Data shown Block Start

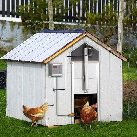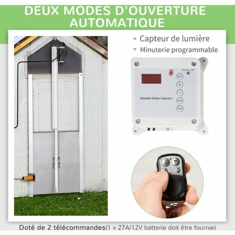 Offrez plus sécurité et de liberté à vos poules avec notre porte automatique PawHut. Cet accessoire ingénieux propose un mode d’ouverture par minuterie ou en fonction de la luminosité extérieure. Grâce à cette porte, vos poules seront protégées contre les prédateurs. Pratique, sûre et durable, sa conception en aluminium lui confère une grande résistance aux intempéries. Caractéristiques : – 2 modes d’ouverture : L’ouverture et la fermeture peuvent se faire en fonction de l’heure ou de la luminosité extérieure – La fonction de capteur infrarouge empêche vos animaux de compagnie de rester coincés – Équipé de deux télécommandes (1 pile 27A/12V doit être fournie) – Étanche, fonctionne aussi bien de -30°C à 55°C – Porte tout en aluminium : grande résistance – Assemblage requis Spécifications : – Matériau principaux : aluminium, ABS – Dim. porte : 30L x 30l cm – Vitesse de mouvement porte : 5 mm/s – Puissance : 42 W – Tension : 14 V (adaptateur), 12 V (tige de poussée) – Portée de la télécommande : 40 m – Certifications normes CE-EMC, GS, RoHS, LVD – Livraison effectuée en un colis – Réf. D51-271V90
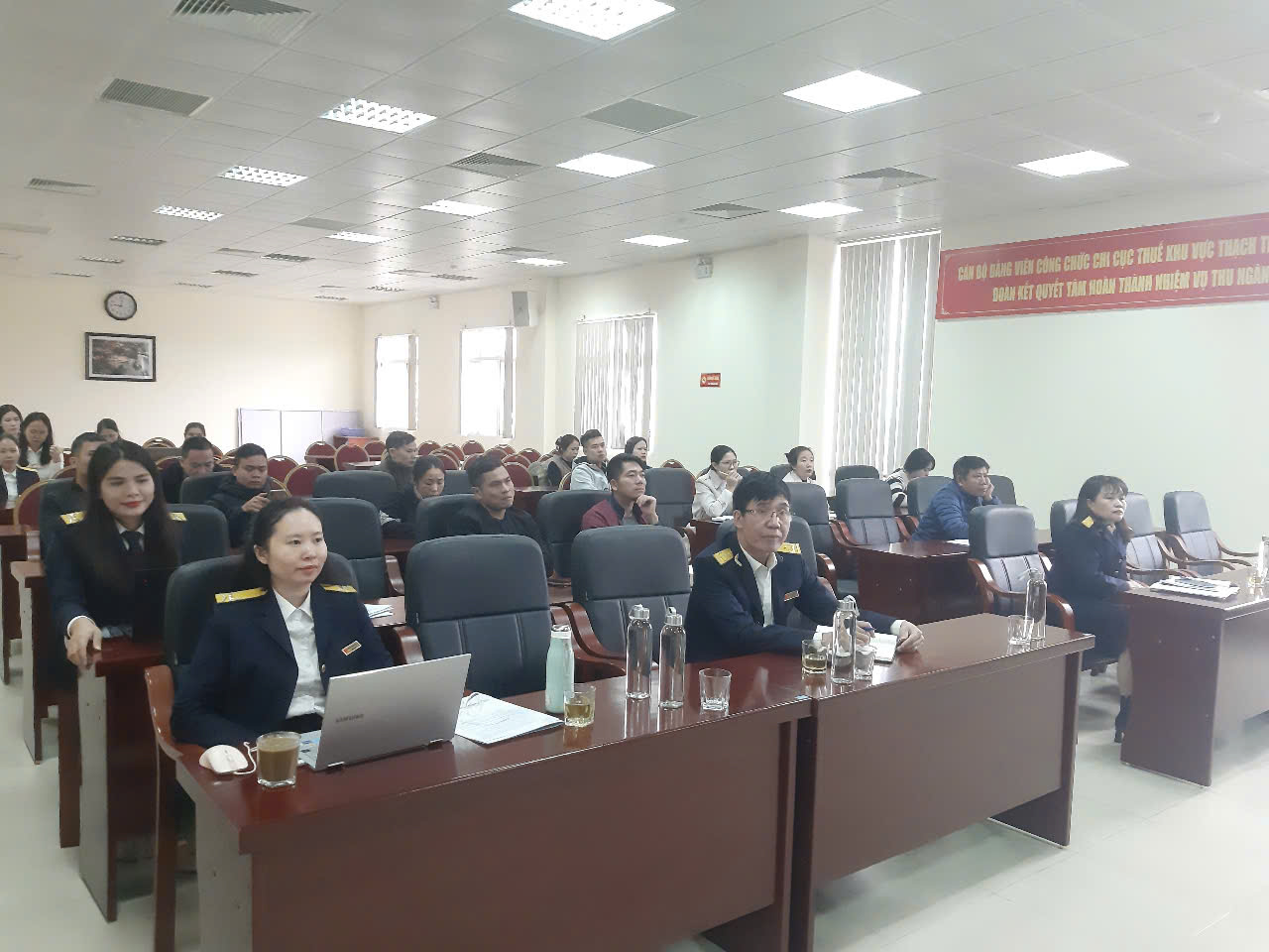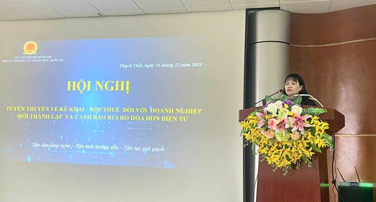 17/12/2024Sáng ngày 16/12, Chi cục Thuế khu vực Thạch Thất- Quốc Oai tổ chức Hội nghị tuyên truyền về kê khai, nộp thuế cho 39 doanh nghiệp mới thành lập tháng 11/2024 trên địa bàn huyện Thạch Thất, Quốc Oai.
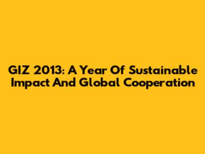 GIZ 2013: A Year Of Sustainable Impact And Global Cooperation

Data shown Block End

Problem details | Could you repeat the listing above exactly, omitting its pictures?

Response area |
 Offrez plus sécurité et de liberté à vos poules avec notre porte automatique PawHut. Cet accessoire ingénieux propose un mode d’ouverture par minuterie ou en fonction de la luminosité extérieure. Grâce à cette porte, vos poules seront protégées contre les prédateurs. Pratique, sûre et durable, sa conception en aluminium lui confère une grande résistance aux intempéries. Caractéristiques : – 2 modes d’ouverture : L’ouverture et la fermeture peuvent se faire en fonction de l’heure ou de la luminosité extérieure – La fonction de capteur infrarouge empêche vos animaux de compagnie de rester coincés – Équipé de deux télécommandes (1 pile 27A/12V doit être fournie) – Étanche, fonctionne aussi bien de -30°C à 55°C – Porte tout en aluminium : grande résistance – Assemblage requis Spécifications : – Matériau principaux : aluminium, ABS – Dim. porte : 30L x 30l cm – Vitesse de mouvement porte : 5 mm/s – Puissance : 42 W – Tension : 14 V (adaptateur), 12 V (tige de poussée) – Portée de la télécommande : 40 m – Certifications normes CE-EMC, GS, RoHS, LVD – Livraison effectuée en un colis – Réf. D51-271V90
 17/12/2024Sáng ngày 16/12, Chi cục Thuế khu vực Thạch Thất- Quốc Oai tổ chức Hội nghị tuyên truyền về kê khai, nộp thuế cho 39 doanh nghiệp mới thành lập tháng 11/2024 trên địa bàn huyện Thạch Thất, Quốc Oai.
 GIZ 2013: A Year Of Sustainable Impact And Global Cooperation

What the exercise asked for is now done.